__Task directions__
In the entries below, find the line with "2018年度研究生学术交流年" and the line with "The Tennessee Department". Return those two lines and all lines between them, exactly.

__Source records__
╭──

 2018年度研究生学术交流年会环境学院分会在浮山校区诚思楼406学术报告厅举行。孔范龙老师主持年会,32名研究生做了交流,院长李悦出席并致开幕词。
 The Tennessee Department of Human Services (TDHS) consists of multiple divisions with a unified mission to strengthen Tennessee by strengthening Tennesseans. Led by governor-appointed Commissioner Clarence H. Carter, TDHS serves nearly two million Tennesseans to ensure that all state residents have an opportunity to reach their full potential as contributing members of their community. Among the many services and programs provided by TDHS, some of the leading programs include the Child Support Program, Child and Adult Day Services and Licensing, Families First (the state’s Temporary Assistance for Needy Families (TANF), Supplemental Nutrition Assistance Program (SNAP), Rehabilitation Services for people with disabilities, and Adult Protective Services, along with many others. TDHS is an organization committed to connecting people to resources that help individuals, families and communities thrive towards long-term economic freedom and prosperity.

╰──
╭──

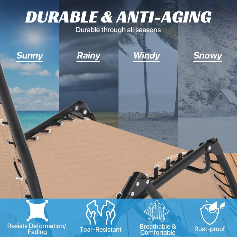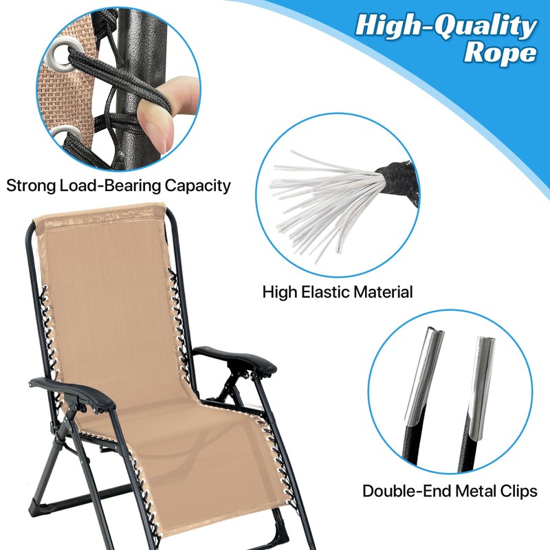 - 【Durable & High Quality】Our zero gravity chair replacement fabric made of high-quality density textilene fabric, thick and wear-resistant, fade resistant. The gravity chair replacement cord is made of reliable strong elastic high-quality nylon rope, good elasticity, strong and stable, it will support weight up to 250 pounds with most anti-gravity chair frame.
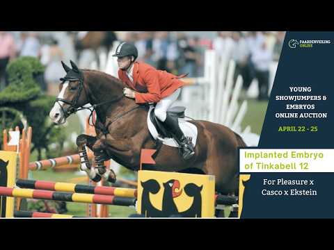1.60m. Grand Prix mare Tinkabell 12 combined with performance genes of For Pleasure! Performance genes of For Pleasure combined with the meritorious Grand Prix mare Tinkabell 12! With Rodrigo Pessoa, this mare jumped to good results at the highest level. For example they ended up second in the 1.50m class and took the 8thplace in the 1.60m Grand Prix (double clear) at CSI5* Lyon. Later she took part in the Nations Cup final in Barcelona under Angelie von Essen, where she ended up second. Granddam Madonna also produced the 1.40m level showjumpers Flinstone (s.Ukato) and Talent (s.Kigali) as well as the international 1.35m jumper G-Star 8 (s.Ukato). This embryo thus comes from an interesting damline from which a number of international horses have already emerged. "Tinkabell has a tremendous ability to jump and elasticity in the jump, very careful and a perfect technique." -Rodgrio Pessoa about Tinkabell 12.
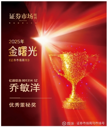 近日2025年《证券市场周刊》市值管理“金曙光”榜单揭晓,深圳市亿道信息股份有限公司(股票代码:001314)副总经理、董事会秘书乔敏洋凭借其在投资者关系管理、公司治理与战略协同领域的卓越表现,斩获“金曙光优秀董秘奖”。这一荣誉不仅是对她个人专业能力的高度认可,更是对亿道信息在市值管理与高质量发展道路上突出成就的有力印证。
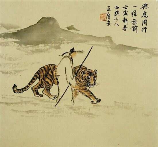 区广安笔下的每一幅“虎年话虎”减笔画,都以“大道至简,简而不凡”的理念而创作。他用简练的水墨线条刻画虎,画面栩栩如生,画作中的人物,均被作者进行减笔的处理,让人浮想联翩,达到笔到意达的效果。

╰──

__Your response__
 2018年度研究生学术交流年会环境学院分会在浮山校区诚思楼406学术报告厅举行。孔范龙老师主持年会,32名研究生做了交流,院长李悦出席并致开幕词。
 The Tennessee Department of Human Services (TDHS) consists of multiple divisions with a unified mission to strengthen Tennessee by strengthening Tennesseans. Led by governor-appointed Commissioner Clarence H. Carter, TDHS serves nearly two million Tennesseans to ensure that all state residents have an opportunity to reach their full potential as contributing members of their community. Among the many services and programs provided by TDHS, some of the leading programs include the Child Support Program, Child and Adult Day Services and Licensing, Families First (the state’s Temporary Assistance for Needy Families (TANF), Supplemental Nutrition Assistance Program (SNAP), Rehabilitation Services for people with disabilities, and Adult Protective Services, along with many others. TDHS is an organization committed to connecting people to resources that help individuals, families and communities thrive towards long-term economic freedom and prosperity.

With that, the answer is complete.